Work to be completed
Images are to be omitted, and the rest of the records reproduced exactly.

Materials provided
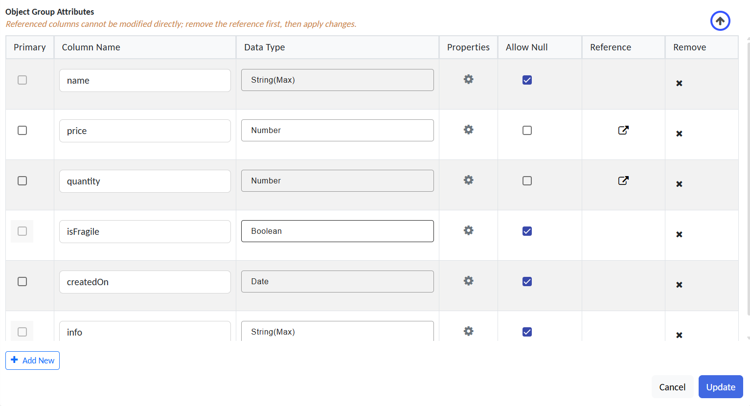| Reference (Optional) | Links this attribute to a field in another Object Group (similar to a foreign key). Example: assignedDepartmentID referencing DepartmentID in a Departments group. |
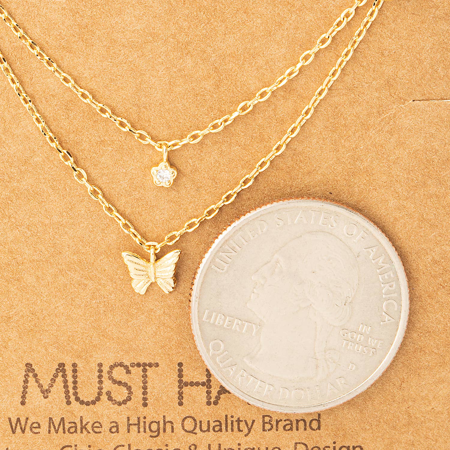 Dainty Layered Chain Link Butterfly Charm Necklace
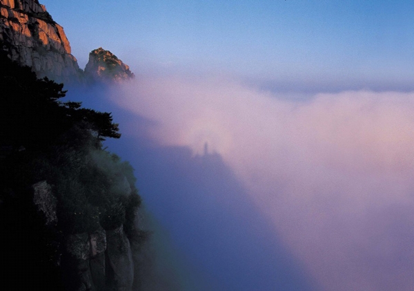 Known as Buddha light of Mount Tai, this optical phenomenon is caused by light diffraction and derives its name from its resemblance to the halo surrounding a Buddha statue. It mostly occurs on Mount Tai between June and August, under partly cloudy and foggy conditions when the sun shines obliquely.
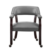 Enjoy both game night and dining night with this dual purpose dining and game table. The 48-inch round table comes in a medium finish and can accommodate four comfortably for dining with a game top that converts into a game table worthy of Las Vegas The upholstered.captain's chair is castered for easy mobility and comes in a wide range of colors perfect for every decor.
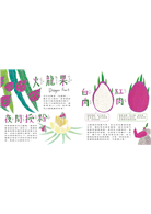 最特別的是,作者陳珮淳將火龍果的名稱、外型、生長習性等特色,巧妙的融進了內容之中,更使用火龍果的色系拼貼出魅力十足的角色們,讓這本書成為火龍果滋味百分之百的故事!
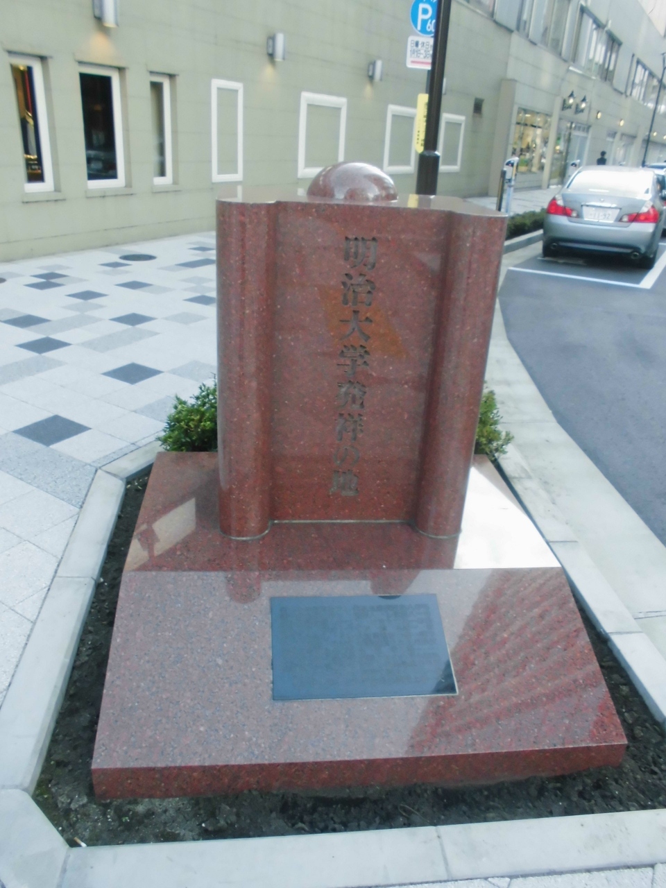 明治大学といえば京王線の明大前駅や小田急の生田あたりにキャンパスがあるのでそちらの地域を想像します。でも設立当初は銀座にあったというのをここに来て初めて知りました。わずか5年間しかなかったそうですが、こんな歴史を知ってまた一ついい気分になりました。
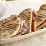 With the flavour of fire-roasted garlic and a hint of cilantro, Stonefire® Roasted Garlic Naan is a versatile and delicious base for an Italian Ham Panini. This simple flatbread recipe is packed with the flavour of Italian dry cured salami and melted provolone cheese to satisfy your most intense cravings. Don’t have a panini press on hand? In a pinch a grill pan, indoor grill or outdoor grill will give the naan panini a delicious crunch!
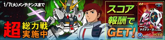 「アムロ搭乗νガンダム」を倒した際に引くことができるチャンスガシャSには、超強力なユニット「★4 フリーダムガンダム」、「★4 シャア専用ゲルググ」、「★4 ガンダム試作一号機フルバーニアン」、「★4 百式」を獲得できるチャンスがあるほか、エースユニットガシャには「アムロ搭乗νガンダム」に対し3倍の攻撃力を発揮する「★2 サザビー」と、「νガンダム」に対し3倍の攻撃力を発揮する「★2 ヤクト・ドーガ(ギュネイ専用機)」が追加された。

The completed task
| Reference (Optional) | Links this attribute to a field in another Object Group (similar to a foreign key). Example: assignedDepartmentID referencing DepartmentID in a Departments group. |
 Dainty Layered Chain Link Butterfly Charm Necklace
 Known as Buddha light of Mount Tai, this optical phenomenon is caused by light diffraction and derives its name from its resemblance to the halo surrounding a Buddha statue. It mostly occurs on Mount Tai between June and August, under partly cloudy and foggy conditions when the sun shines obliquely.
 Enjoy both game night and dining night with this dual purpose dining and game table. The 48-inch round table comes in a medium finish and can accommodate four comfortably for dining with a game top that converts into a game table worthy of Las Vegas The upholstered.captain's chair is castered for easy mobility and comes in a wide range of colors perfect for every decor.
 最特別的是,作者陳珮淳將火龍果的名稱、外型、生長習性等特色,巧妙的融進了內容之中,更使用火龍果的色系拼貼出魅力十足的角色們,讓這本書成為火龍果滋味百分之百的故事!
 明治大学といえば京王線の明大前駅や小田急の生田あたりにキャンパスがあるのでそちらの地域を想像します。でも設立当初は銀座にあったというのをここに来て初めて知りました。わずか5年間しかなかったそうですが、こんな歴史を知ってまた一ついい気分になりました。
 With the flavour of fire-roasted garlic and a hint of cilantro, Stonefire® Roasted Garlic Naan is a versatile and delicious base for an Italian Ham Panini. This simple flatbread recipe is packed with the flavour of Italian dry cured salami and melted provolone cheese to satisfy your most intense cravings. Don’t have a panini press on hand? In a pinch a grill pan, indoor grill or outdoor grill will give the naan panini a delicious crunch!
 「アムロ搭乗νガンダム」を倒した際に引くことができるチャンスガシャSには、超強力なユニット「★4 フリーダムガンダム」、「★4 シャア専用ゲルググ」、「★4 ガンダム試作一号機フルバーニアン」、「★4 百式」を獲得できるチャンスがあるほか、エースユニットガシャには「アムロ搭乗νガンダム」に対し3倍の攻撃力を発揮する「★2 サザビー」と、「νガンダム」に対し3倍の攻撃力を発揮する「★2 ヤクト・ドーガ(ギュネイ専用機)」が追加された。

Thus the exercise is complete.